Here are a few control theorems, concepts and diagrams that I think every control student should know. I keep updating this post, so please check back from time to time.

### Definitions, Theorems, Lemmas and such.

#### Nonlinear Control Theory

• A differential equation of the form

\begin{align} dx/dt = f(x, u(t), t), \quad -\infty < t < +\infty \label{eq:diff_eq} \end{align}

is said to be free (or unforced) if $u(t) \equiv 0$ for all $t$. That is \eqref{eq:diff_eq} becomes

\begin{align} dx/dt = f(x, t), \quad -\infty < t < +\infty \label{eq:unforced} \end{align}

• If the differential equation in \eqref{eq:diff_eq} does not have an explicit dependence on time, but has an implicit dependence on time, through $u(t)$, then the system is said to be stationary. In other words, a dynamic system is stationary if

\begin{align} f(x, u(t), t) \equiv f(x, u(t)) \label{eq:stationary} \end{align}

• A stationary system \eqref{eq:stationary} that is free is said to be invariant under time translation, i.e.

\begin{align} \Phi(t; x_0, t_0) = \Phi(t + \tau; x_0, t_0 + \tau) \label{eq:free_stat} \end{align} - $\Phi(t; x_0, t_0)$ is the analytical solution to \eqref{eq:diff_eq}; it is generally interpreted as the solution of \eqref{eq:diff_eq}, with fixed $u(t)$, going through state $x_0$ at time $t_0$ and observed at time $t$ later on. This is a clearer way of representing the d.e.’s solution as against $x(t)$, which is popularly used in most text nowadays.

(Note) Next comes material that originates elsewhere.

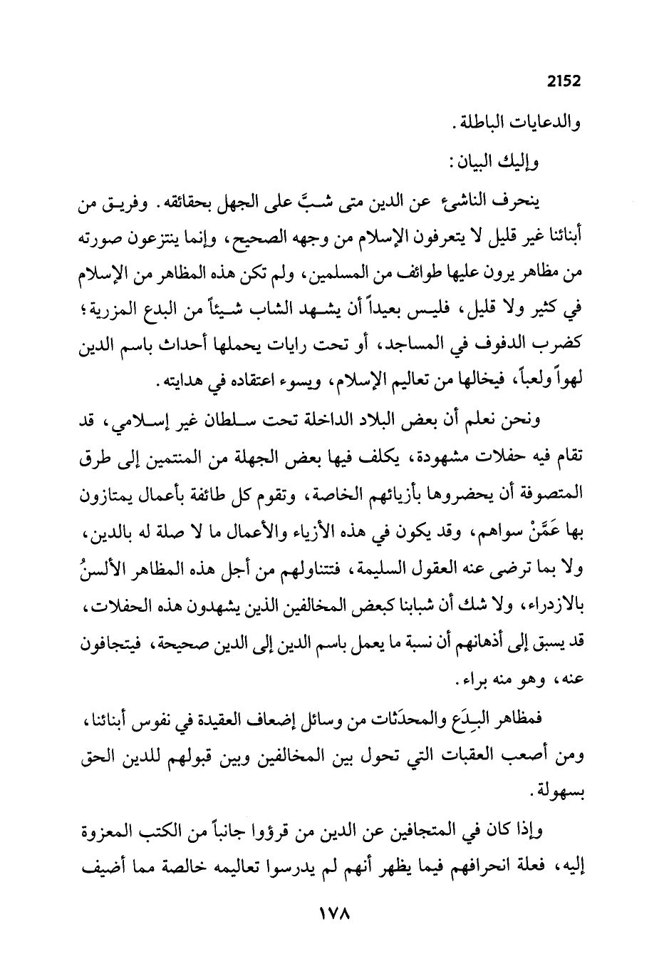 ونحن نعلم أن بعض البلاد الداخلة تحت سلطان غير إسلامي، قد تقام فيه حفلات مشهودة، يكلف فيها بعض الجهلة من المنتمين إلى طرق المتصوفة أن يحضروها بأزيائهم الخاصة، وتقوم كل طائفة بأعمال يمتازون بها عَمَّنْ سواهم، وقد يكون في هذه الأزياء والأعمال ما لا صلة له بالدين، ولا بما ترضى عنه العقول السليمة، فتتناولهم من أجل هذه المظاهر الألسنُ بالازدراء، ولا شك أن شبابنا كبعض المخالفين الذين يشهدون هذه الحفلات، قد يسبق إلى أذهانهم أن نسبة ما يعمل باسم الدين إلى الدين صحيحة، فيتجافون عنه، وهو منه براء.

• $\Phi(\cdot)$ is generally referred to the transition function, since it relates the transformation from $x(t_0)$ to $x(t)$.

• For a physical system, $\Phi$ has to be continuous in all of its arguments. .

• If the rate of change $dE(x)/dx$ of an isolated physical system is negative for every possible state x, except for a single equilibrium state $x_e$, then the energy will continually decrease until it finally assumes its minimum value $E(x)$.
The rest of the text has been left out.